In the records below, find the line that contains "全友家居 板式床奶油风现代简约主卧室实木高脚双人大床" and the line that contains "Bronze coated effect"; write out exactly those two lines and everything between them, without the pictures.

▸ **GIVEN RECORDS**
-- -- --
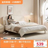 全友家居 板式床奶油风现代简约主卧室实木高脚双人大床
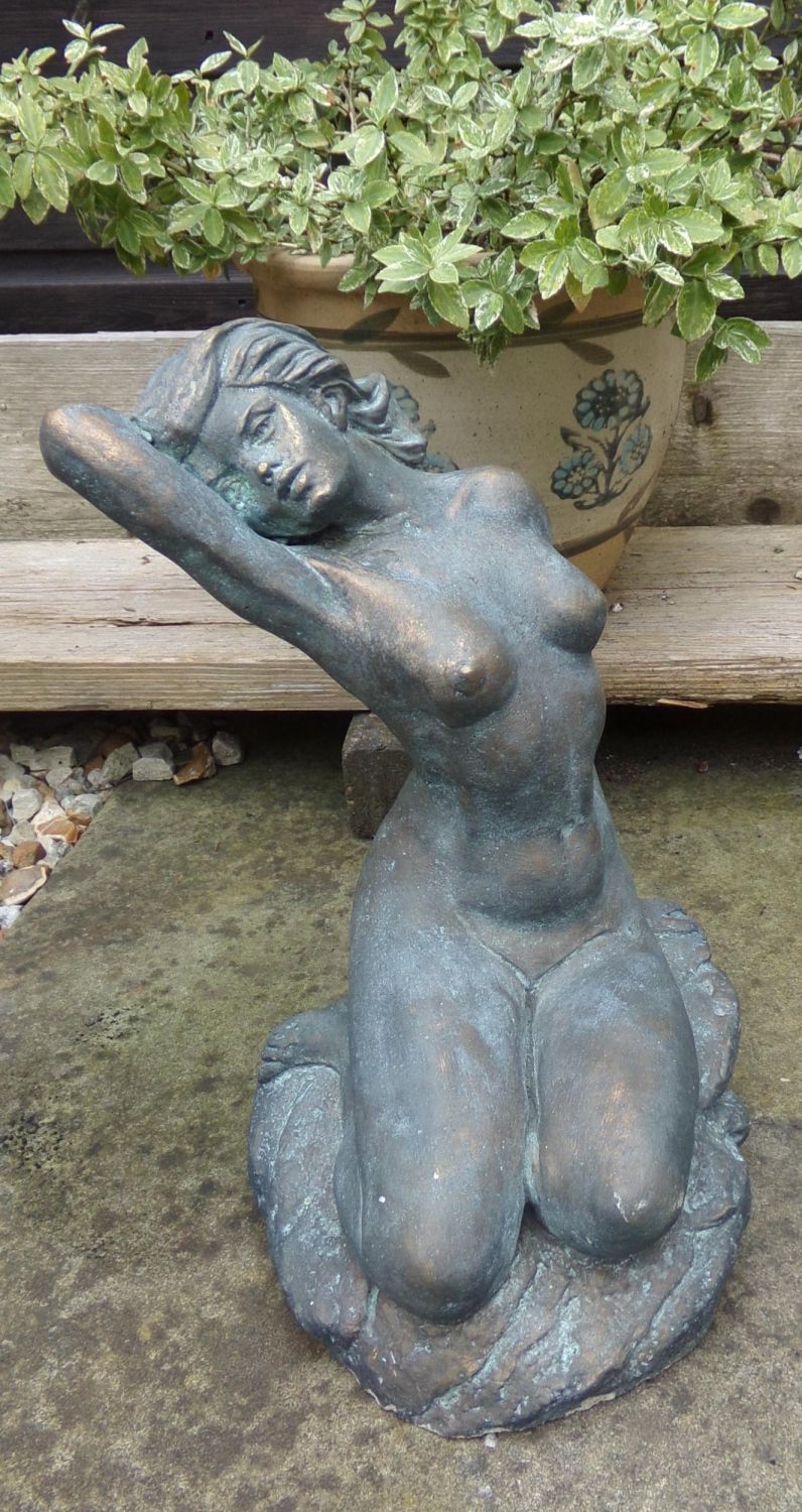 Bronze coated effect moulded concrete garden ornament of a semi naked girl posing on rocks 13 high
-- -- --
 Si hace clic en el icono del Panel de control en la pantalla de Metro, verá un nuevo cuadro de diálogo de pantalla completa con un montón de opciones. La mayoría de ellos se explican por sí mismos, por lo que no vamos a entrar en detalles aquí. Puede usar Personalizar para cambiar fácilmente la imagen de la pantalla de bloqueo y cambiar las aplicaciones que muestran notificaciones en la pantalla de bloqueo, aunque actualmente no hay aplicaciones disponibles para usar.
-- -- --
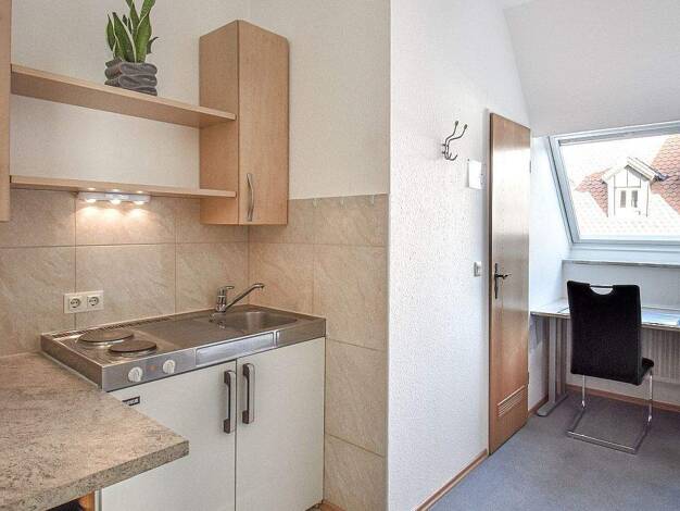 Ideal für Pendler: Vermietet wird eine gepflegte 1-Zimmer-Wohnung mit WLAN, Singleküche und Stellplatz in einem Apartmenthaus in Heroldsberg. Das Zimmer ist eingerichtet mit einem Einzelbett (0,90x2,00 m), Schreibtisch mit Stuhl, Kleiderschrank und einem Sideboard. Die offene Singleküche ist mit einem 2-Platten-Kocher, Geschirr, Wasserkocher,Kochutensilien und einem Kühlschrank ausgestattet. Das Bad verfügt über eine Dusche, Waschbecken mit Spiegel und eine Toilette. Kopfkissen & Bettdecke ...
-- -- --
▸ **RESULT**
 全友家居 板式床奶油风现代简约主卧室实木高脚双人大床
 Bronze coated effect moulded concrete garden ornament of a semi naked girl posing on rocks 13 high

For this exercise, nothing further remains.